レンティック水域のペリフィトン群集の その場 一次生産性を低コストに測定する方法

適切な場所におけるペリフィトンまたは任意の水微生物の総生産性の詳細なin-situ測定は、レンティック水中の一次生産性の動的を制御するプロセスに関する現在の知識を向上させることができます。提案手法の主な改善点は、非侵襲性、費用対効果、およびさまざまな場所での同時測定の可能性です。また、追加費用なしで大規模なデータ資産を収集できます。

実験を行う際にバージを交換する場合は、持ち運びが簡単なインフレータブルカヤックを使用してください。フロートを固定するのに理想的な深さの場所を選択します。次に、組み立てられたはしけをボートの船尾の後ろに取り付け、ボートの側面に沿ってアンカーを慎重に下げます。

アンカーを水面の少し下に吊るして位置合わせし、フロートをアンカーで必要な深さのスポットに簡単に牽引できるようにします。その場所に着いたら、ボートからアンカーをほどいて底まで下げ、はしけをアンカーチェーンに固定し、インキュベーションボトルをバージに取り付けるためのチェーンを固定します。インキュベーションボトルを準備するには、気密シール付きの透明でワイドネックの0.5リットルボトルの内壁に酸素光学センサースポットを取り付け、黒い電気テープで包んで暗いトリートメントボトルの不透明な層を作ります。
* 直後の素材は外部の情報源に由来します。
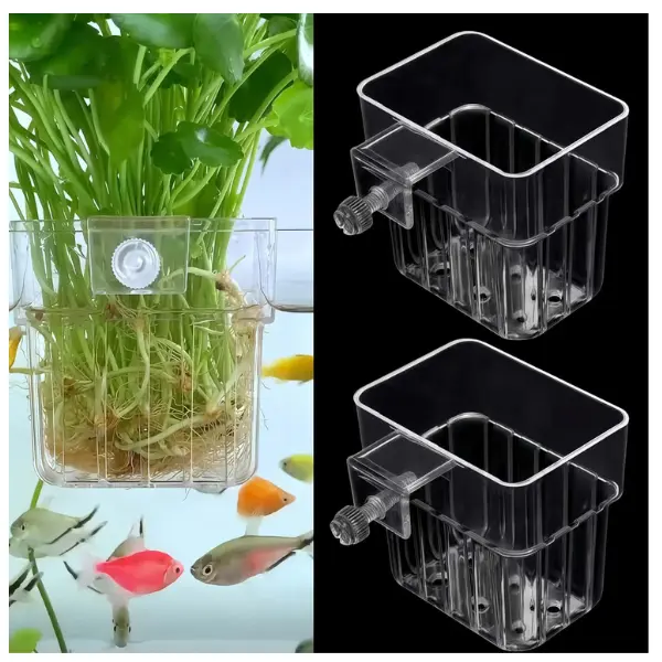 These plant holders are designed to fit snugly on tank edges. They provide a stable base for your aquarium plants. The clear design blends seamlessly with any tank, maintaining a clean look. No more worries about plant stability or tank aesthetics.

配置した光学センサーのスポットに小さな穴を開け、カット穴がセンサーの直径よりわずかに小さいことを確認して、光がボトルに入らないようにします。インキュベーションボトルをポータブルボックスに入れ、周囲の水の沈殿物を乱すことなく、ボックスと一緒にそれぞれの深さまで潜ります。次に、長いピンセットを使用して、サンプルのバイオマスを乱しすぎないように注意しながら、サンプルをインキュベーションボトルに慎重に充填します。

微生物マットが小さな石などの固い表面に成長する場合は、無傷のバイオマスを含む石全体をボトルに慎重に移します。明るいボトルと暗いボトルの1組に、沈殿物のないそれぞれの深さからのきれいな水を入れて、空白のコントロールとして機能します。すべてのインキュベーションボトルの水がきれいで、邪魔な沈殿物が含まれていないことを確認した後、閉じたボトルをフローティングバージに固定されたボートに持ってきます。

最初の2組のインキュベーションボトルを最初のチェーンのスナップフックに取り付け、光ファイバー酸素計を使用して各ボトルの初期酸素濃度を測定します。メーターの光ケーブルをボトル内に取り付けられた酸素センサーに接続し、数秒以内にメーター内の酸素濃度を読み出して測定値を記録します。測定後すぐに、付属のボトルでチェーンを慎重に水中に戻し、インキュベーションボトルがそれらの中に入れられたバイオマスがサンプリングされたのと同じ深さに配置されていることを確認します。

1時間後、ボトルの入った各チェーンをボートに慎重に引っ張って、酸素濃度を再度測定します。酸素値の読み取りは以前に実証され、サンプルを再び水中に下げました。すべての測定が完了したら、インキュベーションボトルからサンプルを取り出し、石などの硬い物質の表面に成長した微生物マットを歯ブラシや小さなナイフでこすり、内容物をプラスチックフラスコに移します。

時間の経過に伴う酸素濃度の増加は、対照と光にさらされたサンプルボトルの両方で明らかであり、正味の生態系生産性を示しています。それにもかかわらず、増加の傾きは、微生物マットサンプルを含むボトルで有意に高くなります。暗いボトル内の時間の経過に伴う酸素濃度の変化は、独立栄養呼吸と従属栄養呼吸の合計です。

この場合、コントロールボトル内の酸素濃度の傾きはゼロと有意に異ならない。生態系の正味生産性から呼吸率を差し引くと、生態系の総生産性が得られ、データは定義によく準拠しています。この方法の実用化は、植生期における周生生物群集の総生態系生産性を示す3つの採掘後の湖の畑で達成されました。

水中でのバイオマスサンプリングプロセスでは、サンプルを追加した後に閉じた後、インキュベーションボトル内に気泡が閉じ込められないようにすることが重要です。この手順を使用して、水域と適切なサイズの任意の生物または生物群集との間の酸素交換を定量化することができる。この方法では、自然条件を可能な限り作り出すことで、選択した生物の年間を通じてその場で一次生産性を研究することができ、生涯の炭素代謝に対するその相対的な重要性をよりよく理解できます。